Title: Catalytic mechanism of SHCHC synthase in the menaquinone biosynthesis of Escherichia coli: identification and mutational analysis of the active site residues Jiang M, Chen X, Wu XH, Chen M, Wu YD, Guo Z Ref: Biochemistry, 48:6921, 2009 : PubMed
(1R,6R)-2-Succinyl-6-hydroxy-2,4-cyclohexadiene-1-carboxylate (SHCHC) synthase (MenH) is an alpha/beta fold enzyme containing a catalytically essential serine-histidine-aspartate triad typical of serine proteases but catalyzes a pyruvate elimination reaction initiated by alpha-proton abstraction in the menaquinone biosynthetic pathway of Escherichia coli. In this study, we identify the active site residues in the synthase through sequence analysis and structural modeling and study their mechanistic roles in MenH catalysis. Steady-state kinetic characterization of site-directed mutants of the active site residues shows that three conserved arginine residues (Arg-90, Arg-124, and Arg-168) likely form ionic salt bridges with three carboxylate groups of the substrate in the Michaelis complex and that the side-chain polar groups of the conserved tyrosine (Tyr-85) and tryptophan (Trp-147) residues likely donate hydrogen bonds to form an "oxyanion hole". In addition, the pH dependence of the MenH kinetic properties reveals a catalytic base with a pK(a) highly dependent on the hydroxyl group of the triad serine residue in the enzymatic reaction. Moreover, proton inventory experiments demonstrate that the SHCHC synthase adopts one-proton catalysis like many serine proteases.

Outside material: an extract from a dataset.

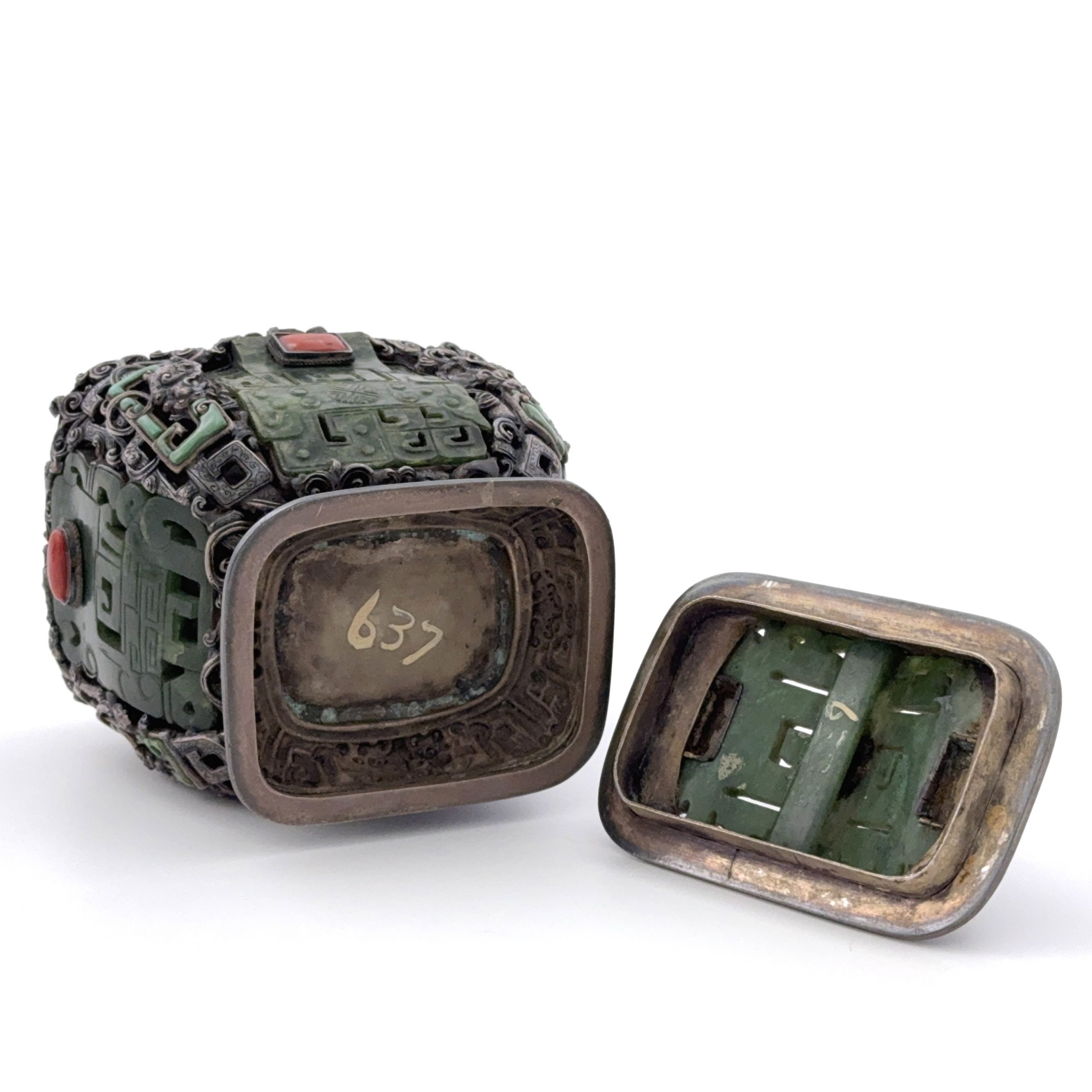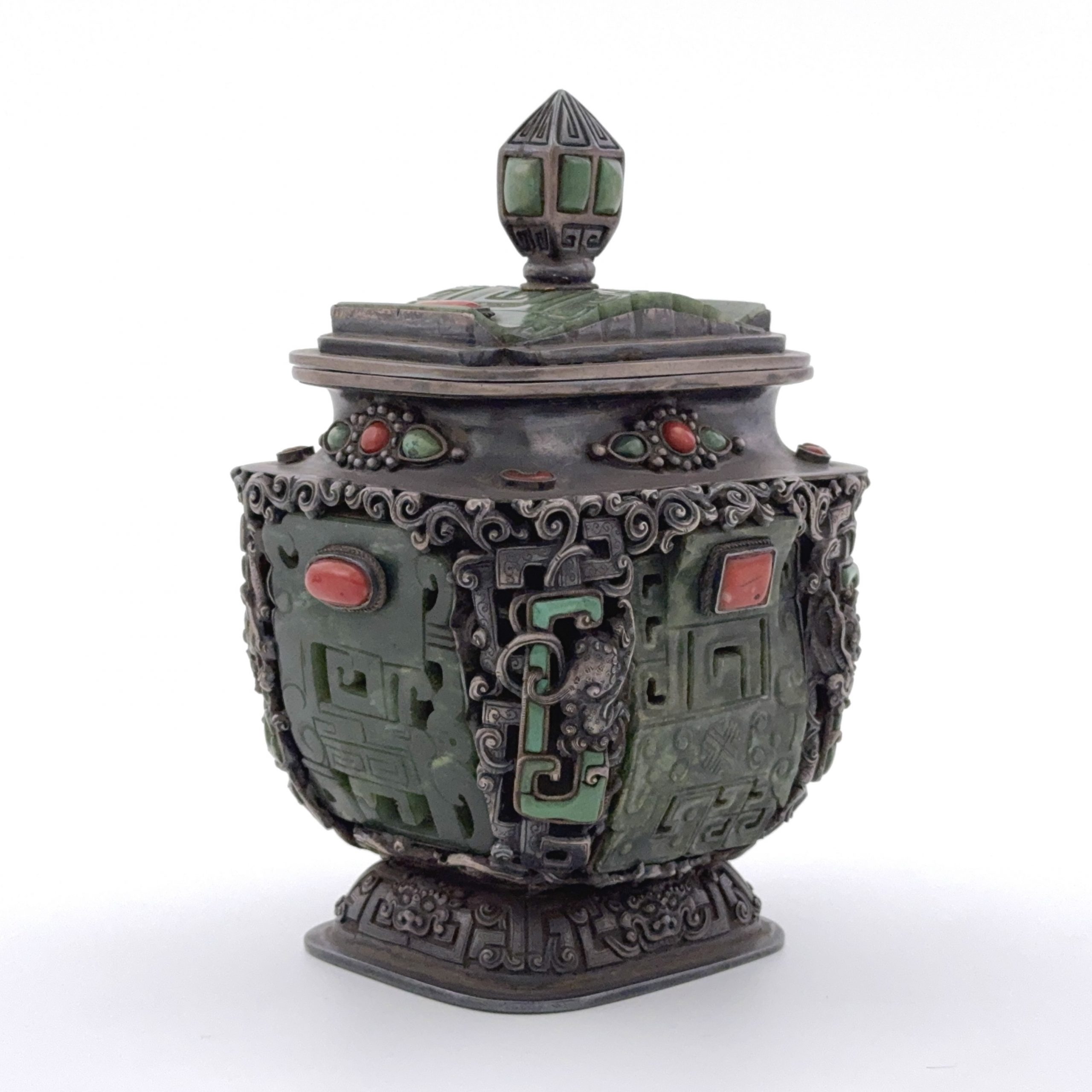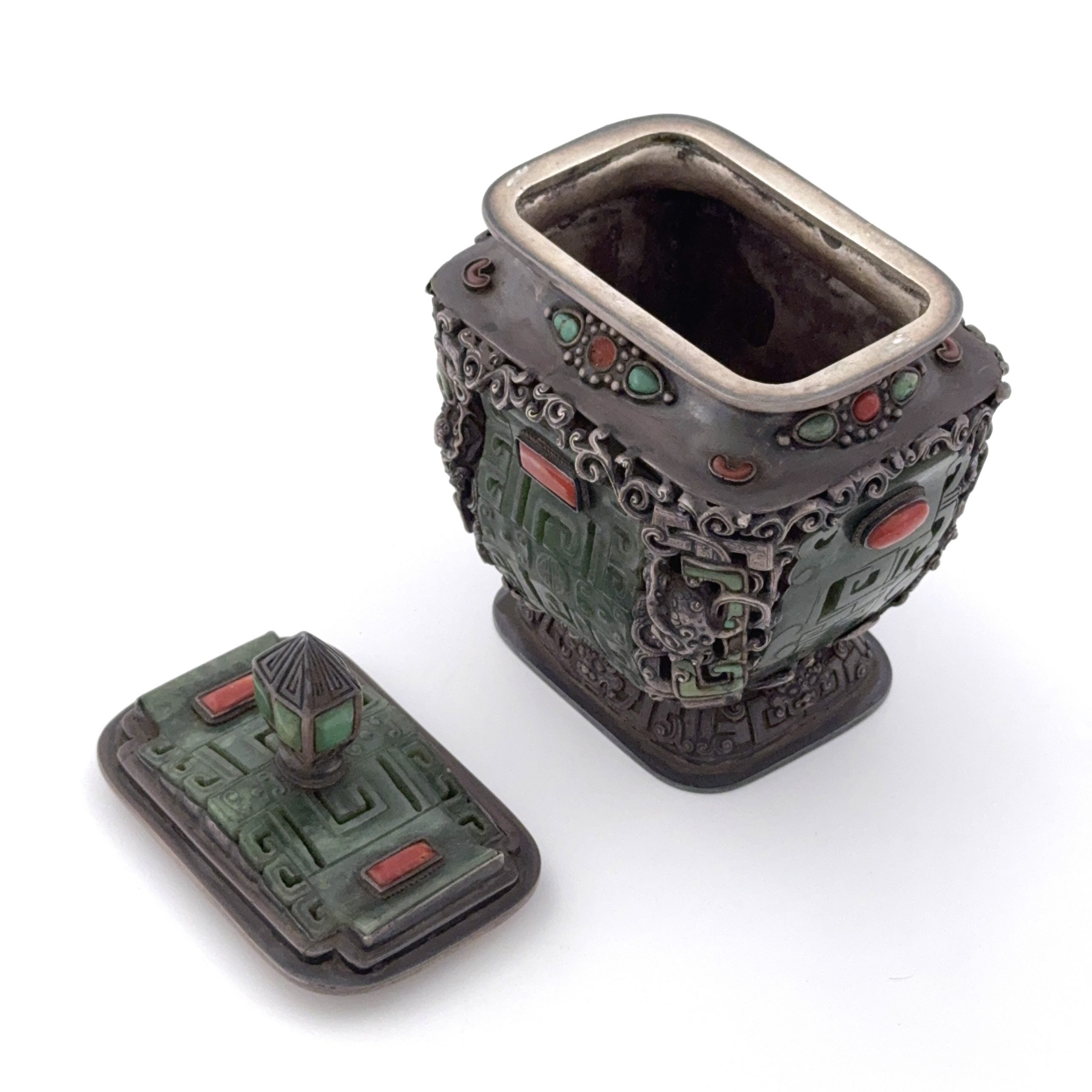 十九世紀 銀嵌百寶 龍紋 蓋盒

These results allow the proposal of a mechanism in which the histidine residue of the MenH triad serves as a general base catalyst to deprotonate the triad seryl hydroxyl group in the alpha-proton abstraction from the substrate. As such, the MenH triad performs a simple and fundamental proton transfer reaction occurring repeatedly in the reactions catalyzed by serine proteases and alpha/beta fold hydrolases, suggesting a common evolutionary origin for all serine-histidine-aspartate triads serving different catalytic functions.